4013464The Sleeping Beauty — Chapter 2Charles Seddon EvansCharles Perrault

CHAPTER II

Those were wonderful tidings to be spoken by a frog who came no one knew whence and went no one knew whither. But the Queen believed that the prophecy would prove true, and she was right, for when the Spring time came again and the almond blossom was pink upon the bough, she gave birth to a little daughter who was so beautiful that nobody had ever seen her like.

Now what joy there was in the hearts of everybody in the palace! The King was so excited that he went into council in his dressing-gown instead of his royal robe, and he did not care a bit when his courtiers smiled. There was coming and going in all the halls and corridors. Couriers on swift horses were sent out to bear the glad news to the most distant parts of the kingdom. All the bells in the churches were rung; flags were put out in the houses and streamers were hung across the roadways. Then the cannons were fired, bang, bang, bang, to tell the people that everybody was to have a holiday, so that all, from the highest to the lowest, might rejoice in their Queen’s happiness.

“Never was there such a beautiful child,” said the King, looking down at his little daughter as she lay in her mother’s arms. He wanted very much to nurse her, but this could not be allowed, because men are so clumsy with babies.

“What shall her name be?” said the King. And he suggested all the grandest names he could call to mind, for he thought that such a wonderful child must certainly have a name to suit. But the Queen would have none of them.

“She shall be called Briar-Rose,” said the Queen; and so it was arranged.

A few weeks later the christening took place. That was a splendid ceremony to be sure, for all the lords and

ladies of the kingdom were present in their richest dresses, together with princes and ambassadors from distant countries. The little Princess was as good as gold all the time. She did not cry once, but opened her big blue eyes and smiled at the glittering company as though she understood everything that was going on.
Outside the cathedral the
roads were crowded with people waiting to see the guests come and go.
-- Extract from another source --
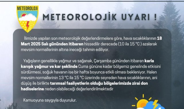 Valilikten yapılan açıklamada; "İlimizde yapılan son meteorolojik değerlendirmelere göre, hava sıcaklıklarının 18 Mart 2025 Salı gününden itibaren hissedilir derecede ( 10 ila 15 derece) azalarak mevsim normallerinin altına ineceği tahmin ediliyor. Yağışların genellikle yağmur ve sağanak Çarşamba gününden itibaren karla karışık yağmur ve kar şeklinde Cuma gününe kadar bölgemiz genelinde etkisini sürdürmesi, soğuk havanın ise bir hafta boyunca etkili olması bekleniyor. Halen mevsim normallerinin 13 ila 15 derece üzerinde seyreden hava sıcaklıklarının, anı düşüşle birlikte tarımsal faaliyetlerin olduğu bölgelerimizde zirai don hadiselerine neden olabileceği değerlendirmektedir" denildi.

The carriages extended for nearly a mile, and as they drove away, headed by the royal coach, in which the Queen sat with the Princess Briar-Rose in her arms, the spectators took off their hats and shouted and cheered. Some of the little boys perched themselves on the branches of trees and the lamp-posts in order to get a better view, and I have been told that there was one poor woman who saw nothing at all, because her boy tried to climb up to an inn sign, where he dangled in such a dangerous position that his poor old mother had to stand with her back to the procession, holding on to his legs in a terrible state of anxiety lest he should fall.

At the palace, a magnificent feast had been prepared.
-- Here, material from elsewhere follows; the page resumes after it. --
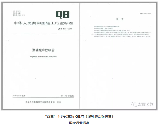 所以在2011年,“雙童”便上報國家標準化委員會,推動編制起草了《聚乳酸冷飲吸管》國家行業(yè)標準,于2013年4月通過《聚乳酸冷飲吸管》行業(yè)標準的審核工作。在2014年,由“雙童”主導(dǎo)起草的 QB/T 4633-2014《聚乳酸冷飲吸管》國家行業(yè)標準正式發(fā)布并實施。本次標準的制訂將推動環(huán)境友好型的生物質(zhì)可降解產(chǎn)品逐步替代傳統(tǒng)塑料吸管,并致力于消除塑料產(chǎn)品帶來的白色污染。

Now it was the custom in those days, when a King’s child was christened, for all the fairies in the country to be invited to the christening feast. Each fairy was bound to bring a gift, so of course it stood to reason that the royal child would have everything that the heart could possibly desire.

There were thirteen fairies in the King’s realm, but one of them lived in a lonely place on the outskirts of the kingdom. There, for the last fifty years, she had shut herself up in a ruined tower with only a black cat to keep her company, and as she kept herself to herself, everybody had forgotten her very existence. The result was that she was not invited to the christening feast, and though she had nobody but herself to blame for this, she was very angry about it. The truth of the matter is that she was always a
miserable, sour creature, with no love or kindness in. her heart, and nobody missed her because she had never given anybody any reason to care for her.

Well, the guests assembled in the banqueting hall of the palace and the feast began.